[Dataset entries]
== Segment start ==
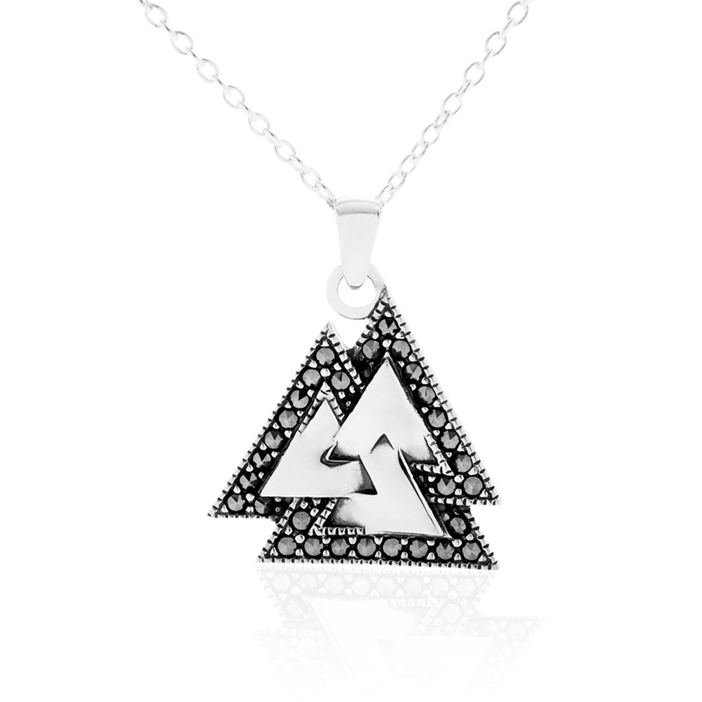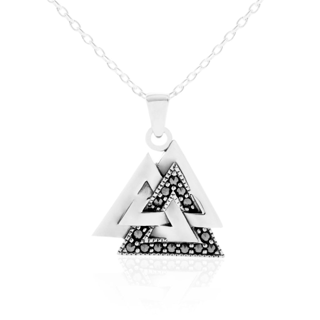 Ein wunderschöner Anhänger aus massivem 925er Sterlingsilber mit Markasitsteinen, fachmännisch handgefertigt. Er basiert auf dem Valknut-Symbol, das mit Odin, dem Häuptling der Wikingergötter, verbunden ist. Er wohnt in Walhall, wohin die Auserwählten in ihrem Leben nach dem Tod reisen. Inklusive Kette.
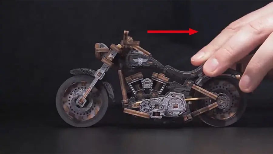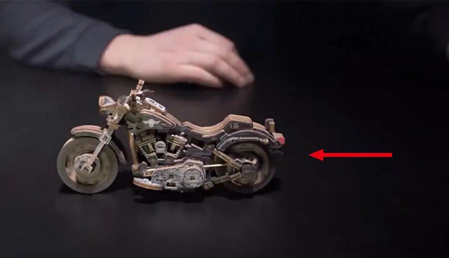 組み立てたバイクが、プルバック式の仕組みで約1mを走行。精密なギア連動による、本格的な走りの仕組みをご紹介!
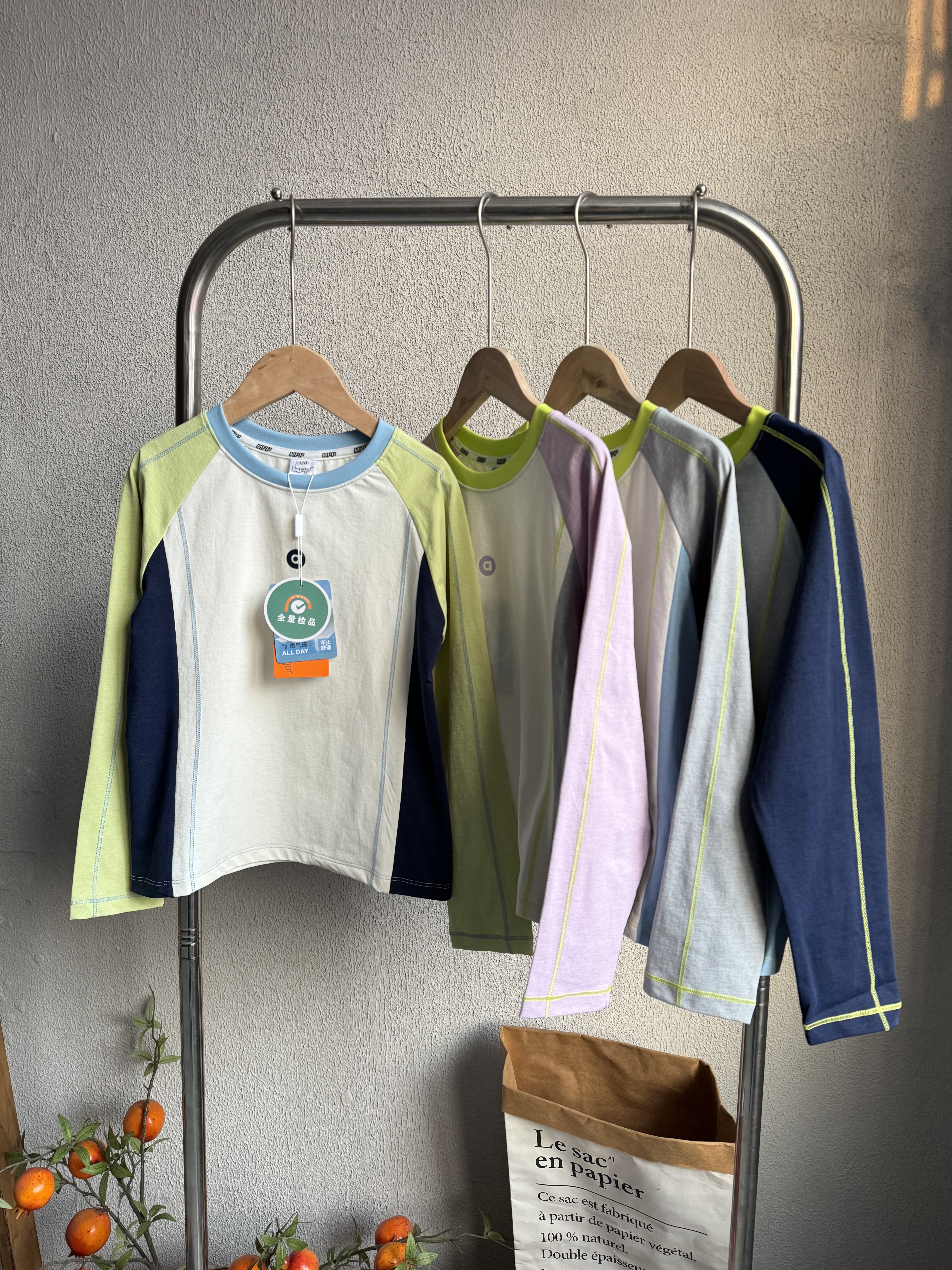 📚 外贸童装儿童拼色插肩速干防晒圆领T恤男女童休闲运动舒适打底衫
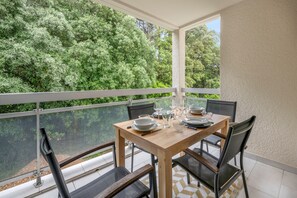 Waterfront apartment with kitchen and patio
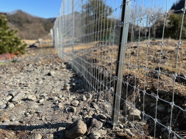 あとは門扉を設置後金網を繋ぎ込んで完成となります。
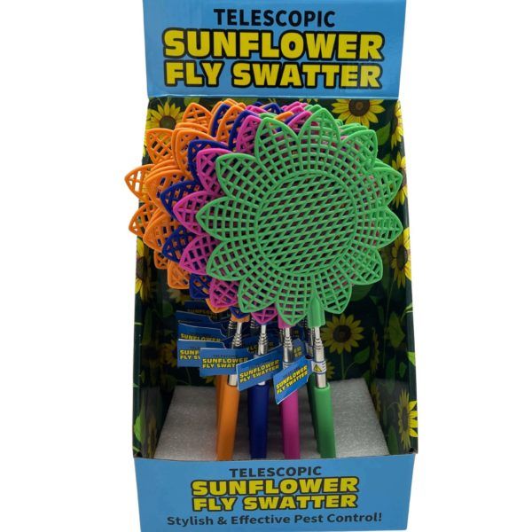 Add to WishlistKeep pests at bay in style with this Telescopic Sunflower Fly Swatter, conveniently displayed in a 24-piece countertop display. Each swatter features a playful sunflower-shaped head and comes in assorted colors, making them both functional and eye-catching. The swatter measures 5" x 11" and extends up to 28.5", perfect for reaching flies on walls, ceilings, or windows. A must-have for the home, especially during warmer months when flies are more active, this swatter combines fun design with practical use. Ideal for kitchens, patios, and any indoor or outdoor spaces where flying pests are a nuisance. ,Telescopic Sunflower Fly Swatter in Countertop Display,
== Segment end ==
▸ **Work item**: What is needed is every record above, restated word for word, with the pictures left out.

▸ **Response box**:
 Ein wunderschöner Anhänger aus massivem 925er Sterlingsilber mit Markasitsteinen, fachmännisch handgefertigt. Er basiert auf dem Valknut-Symbol, das mit Odin, dem Häuptling der Wikingergötter, verbunden ist. Er wohnt in Walhall, wohin die Auserwählten in ihrem Leben nach dem Tod reisen. Inklusive Kette.
 組み立てたバイクが、プルバック式の仕組みで約1mを走行。精密なギア連動による、本格的な走りの仕組みをご紹介!
 📚 外贸童装儿童拼色插肩速干防晒圆领T恤男女童休闲运动舒适打底衫
 Waterfront apartment with kitchen and patio
 あとは門扉を設置後金網を繋ぎ込んで完成となります。
 Add to WishlistKeep pests at bay in style with this Telescopic Sunflower Fly Swatter, conveniently displayed in a 24-piece countertop display. Each swatter features a playful sunflower-shaped head and comes in assorted colors, making them both functional and eye-catching. The swatter measures 5" x 11" and extends up to 28.5", perfect for reaching flies on walls, ceilings, or windows. A must-have for the home, especially during warmer months when flies are more active, this swatter combines fun design with practical use. Ideal for kitchens, patios, and any indoor or outdoor spaces where flying pests are a nuisance. ,Telescopic Sunflower Fly Swatter in Countertop Display,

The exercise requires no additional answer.